学校司書資格の位置づけ曖昧 協力者会議委員が指摘

学校図書館の整備充実について問題点が指摘された
学校図書館の整備充実について問題点が指摘された

学校図書館の整備充実に関する調査研究協力者会議は8月30日、文科省で第7回会合を開いた。同月2日に、「学校司書の資格・養成等に関する作業部会」でまとめられた「学校司書の資格・養成等の在り方について」の案が盛り込まれた「これからの学校図書館の整備充実について」の素案を事務局が提示。委員らは、資格の位置づけに曖昧な部分があると指摘した。

「学校司書の資格・養成等の在り方について」のまとめ案には、学校司書のモデルカリキュラムに対する記述が見られる。しかし、同案では、学校司書の資格について、職に就くための資格として義務付けを行うのは適当ではないとの文言が盛り込まれた。

これに関して委員からは、「位置付けが曖昧」との指摘が相次ぎ、「モデルカリキュラムを出しながらも、義務付けはしていない前例はあるのか」との声が聞かれた。

これに対して事務局は「義務付けは行うべきではないとの意向を示すために、モデルカリキュラムがある」と説明した。

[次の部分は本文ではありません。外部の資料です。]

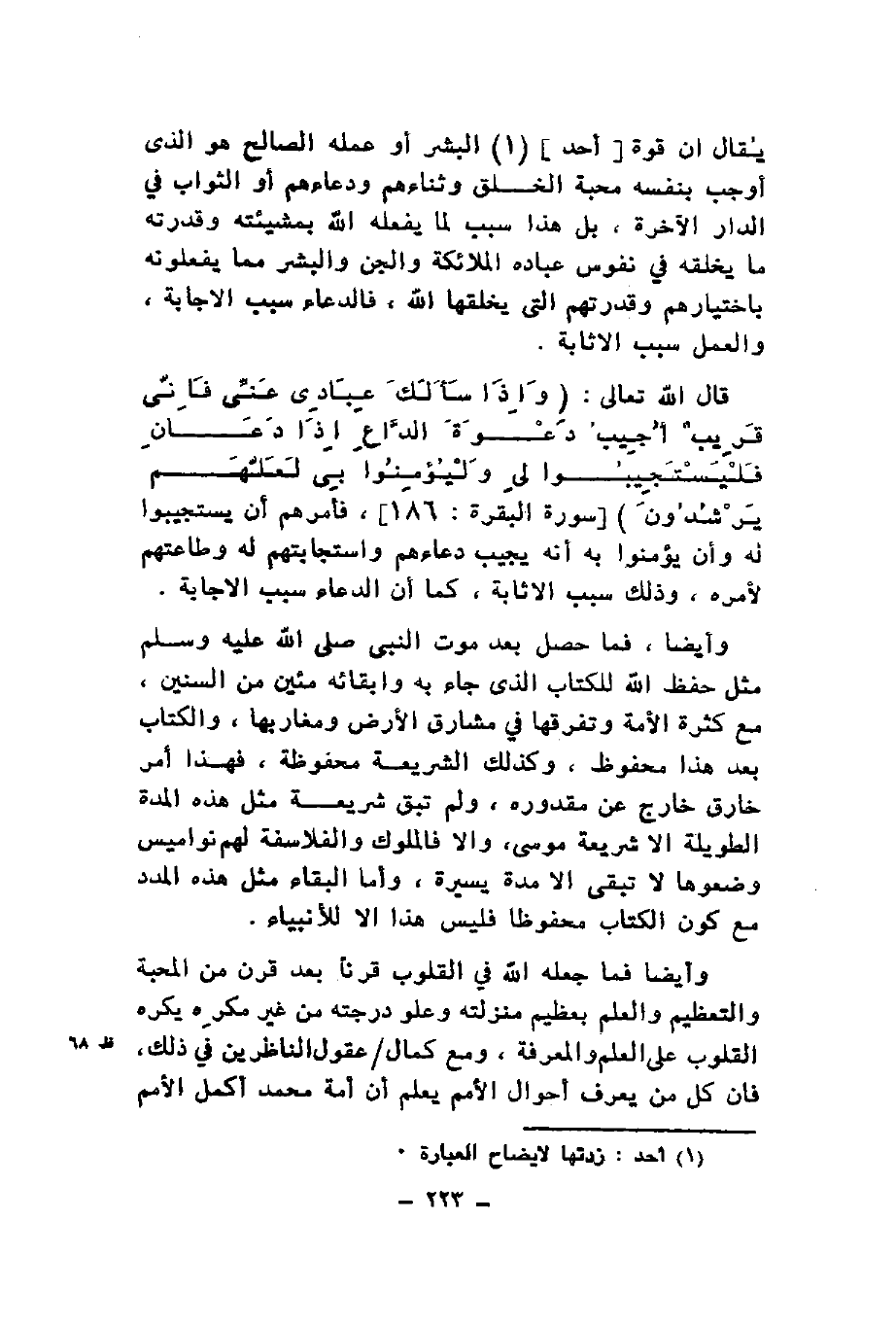 يقال أن قوة أحد البشر أو عمله الصالح هو الذي أوجب بنفسه محبة الخلق وثناءهم ودعاءهم أو الثواب في الدار الآخرة بل هذا سبب لما يفعله الله بمشيئته وقدرته ما يخلقه في نفوس عباده الملائكة والجن والبشر مما يفعلونه باختيارهم وقدرتهم التي يخلقها الله فالدعاء سبب الإجابة والعمل سبب الإثابة قال الله تعالى {وَإِذَا سَأَلَكَ عِبَادِي عَنِّي فَإِنِّي قَرِيبٌ أُجِيبُ دَعْوَةَ الدَّاعِ إِذَا دَعَانِ فَلْيَسْتَجِيبُوا لِي وَلْيُؤْمِنُوا بِي لَعَلَّهُمْ يَرْشُدُونَ} فأمرهم أن يستجيبوا له وأن يؤمنوا به أنه يجيب دعاءهم واستجابتهم له وطاعتهم لأمره وذلك سبب الإثابة كما أن الدعاء سبب الإجابة وأيضا فما حصل بعد موت النبي صَلَّى اللَّهُ عَلَيْهِ وَسَلَّمَ مثل حفظ الله للكتاب الذي جاء به وإبقائه مئين من السنين مع كثرة الأمة وتفرقها في مشارق الأرض ومغاربها والكتاب بعد هذا محفوظ وكذلك الشريعة محفوظة فهذا أمر خارق خارج عن مقدوره ولم تبق شريعة مثل هذه المدة الطويلة إلا شريعة موسى وإلا فالملوك والفلاسفة لهم نواميس وضعوها لا تبقى إلا مدة يسيرة وأما البقاء مثل هذه المدد مع كون الكتاب محفوظا فليس هذا إلا للأنبياء

学校司書の研修について、カルチュア・コンビニエンス・クラブ株式会社公益サービス企画カンパニーの高橋聡社長は「具体的ではない」とし「現在、学校司書を務めている人への研修についても記述してほしい」と内容の充実を求めた。

同案が盛り込まれている「これからの学校図書館の整備充実について」の素案は、①学校教育と学校図書館に関する基本的な考え方②学校図書館の現状と課題、改善の方向性③学校図書館ガイドライン④学校司書の資格・養成⑤今後求められる取り組み――の5つの柱で構成されている。

学校図書館の運営上の重要な事項についての在り方を示した「学校図書館ガイドライン」には、校長が学校図書館の館長としての役割を担っているとの記述が見られた。

これについて委員からは、「校長は学校図書館の専門家ではない。『館長』との表現は強すぎるのではないか」「『校長がリーダーシップを持って』との表現は多く見られる。他の表現も必要」との意見が出た。